Japan's School-Turned-Restaurant Featured
Auberge Eaufeu near Mount Hakusan, Japan — a repurposed school turned dining destination — is being spotlighted for fostering community revival through food. The restaurant represents the growing trend of adaptive reuse projects that blend culinary experiences with cultural preservation.
Auberge Eaufeu is housed in the former Nishio Elementary School in Ishikawa Prefecture, which closed its doors in 2018 due to population decline in the surrounding area. The transformation into a dining destination was completed in July 2022, a project backed by the Osaka-based development company Super Projet. The restaurant's name, meaning "water and fire" in French, reflects its culinary approach. Head chef Shota Itoi, winner of a major Japanese culinary competition, combines French cooking techniques with almost exclusively local ingredients from the Hokuriku region. The menu showcases ingredients foraged from the nearby mountains and locally sourced game, seafood, and even lamb raised in Hakusan. Dishes are inventive, such as a signature "eaufeu maki" with fillings that change seasonally and a tomato pie featuring produce from a local farm that also supplies a three-star restaurant in Tokyo. The location is no coincidence; the area is renowned for its pristine water that flows from Mount Hakusan, considered ideal for sake production. Just a five-minute walk from the restaurant is the Noguchi Naohiko Sake Institute, run by a legendary master brewer, whose sake is featured on the restaurant's menu. The conversion of the school involved a complete interior makeover, with former classrooms transformed into modern guest rooms featuring contemporary art.

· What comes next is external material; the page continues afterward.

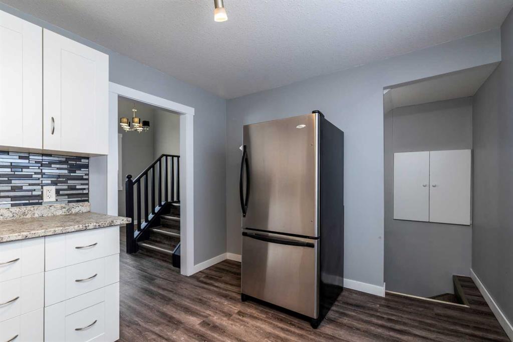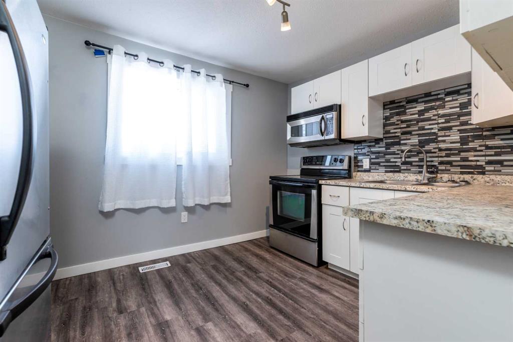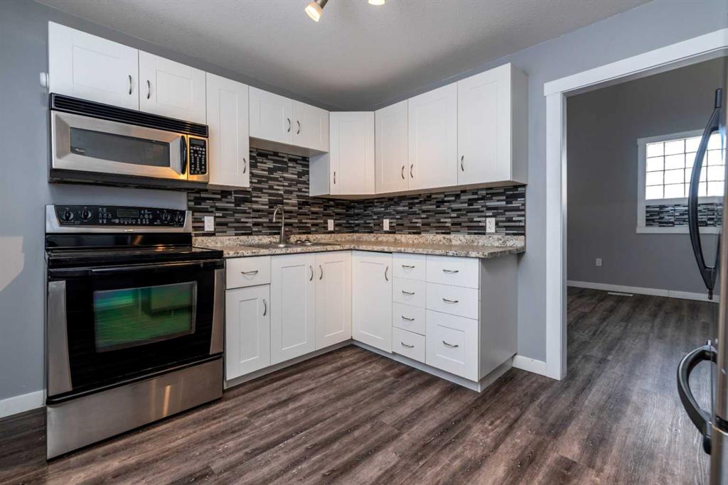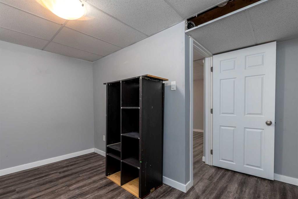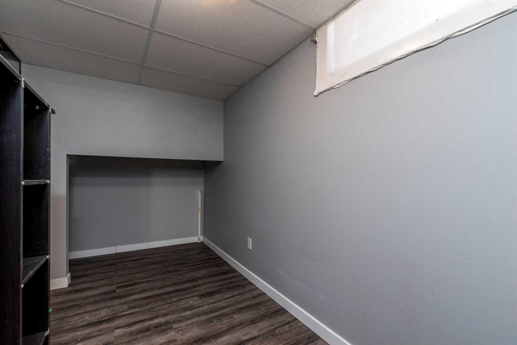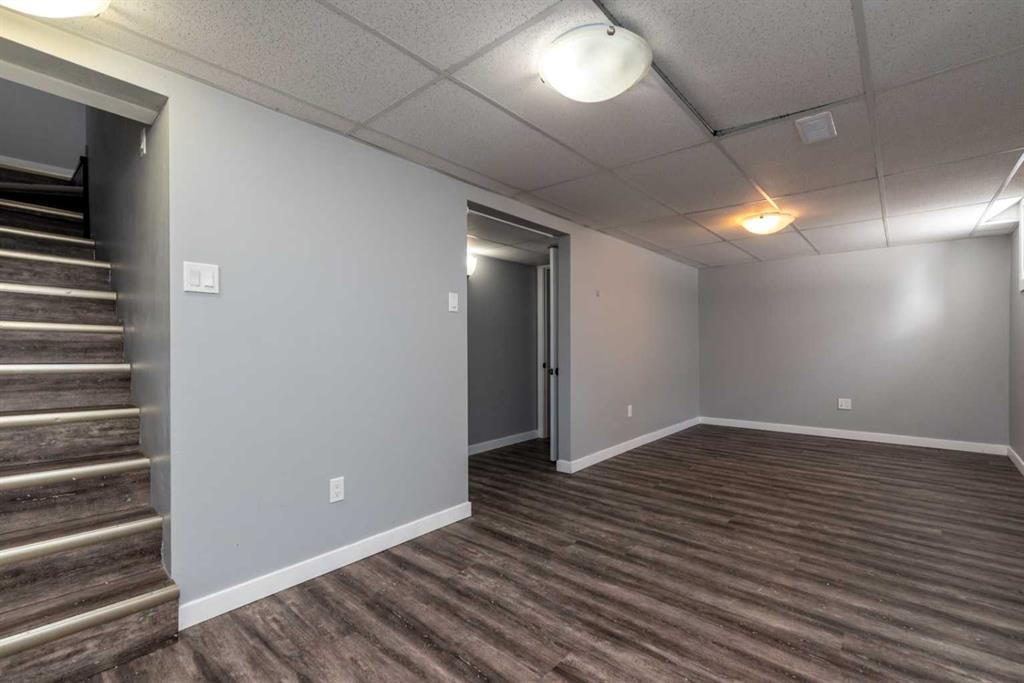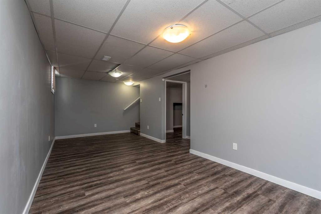 Make your move! This charming character home has been professionally renovated inside and out since 2019. Including internal weeping tile and sump, vinyl siding, roof and shingles, windows, exterior doors, hot water tank, waterproof laminate flooring, interior doors and trim, kitchen and bathroom renovations, electrical throughout the home with a new panel and light fixtures. This is a unique property located on a double, corner lot (69x122 feet) with a rear alley and included storage shed – there is a TON of potential and space here for your future garage or quiet and private, dream yard with direct neighbours limited to one! Across the street to the west is lovey Miner Park and the location is quiet but central enough to be in close proximity to all services and amenities. Inside you are welcomed to a supersized foyer or boot room with endless potential to be set up for your storage needs. Upon entering the open concept, living and dining space of the home you find dramatic 14 foot vaulted ceilings adding a sense of grandeur with bright natural light from a glass block feature window. The renovated kitchen is tucked away and private from the dining area with included appliances and a view overlooking the yard and park. A spacious four piece bath with room for extra storage completes this level. The second level staircase combines functionality with an aesthetic focal point and upstairs there is the primary bedroom with plenty of storage and also that west view of the park from the second level. On your way downstairs to the basement you find the back door access with a rear foyer (electrified on a sensor but not heated). This entry way could be easily separated for extended family or a roommate to have a bit of extra privacy. The basement is currently a family room, bedroom and laundry/utility area but there are egress windows in the basement and there would be room for a third bedroom if a buyer requires this. There are also new ceiling tiles in the basement, there is a sump pump and the furnace is older but was rebuilt in the late 90s and has had no issues. Immediate possession is available, schedule a viewing today and see how well this property could work as your new home!

The main dining room is located in what used to be the principal's office, incorporating local *nikkaseki* stone, a volcanic tuff also used in Japan's National Diet Building. This project is part of a larger trend in Japan of repurposing abandoned schools as the nation grapples with a declining population. Other former schools across the country have been converted into community centers, hotels, and restaurants specializing in local cuisine, preserving the buildings while creating new economic opportunities.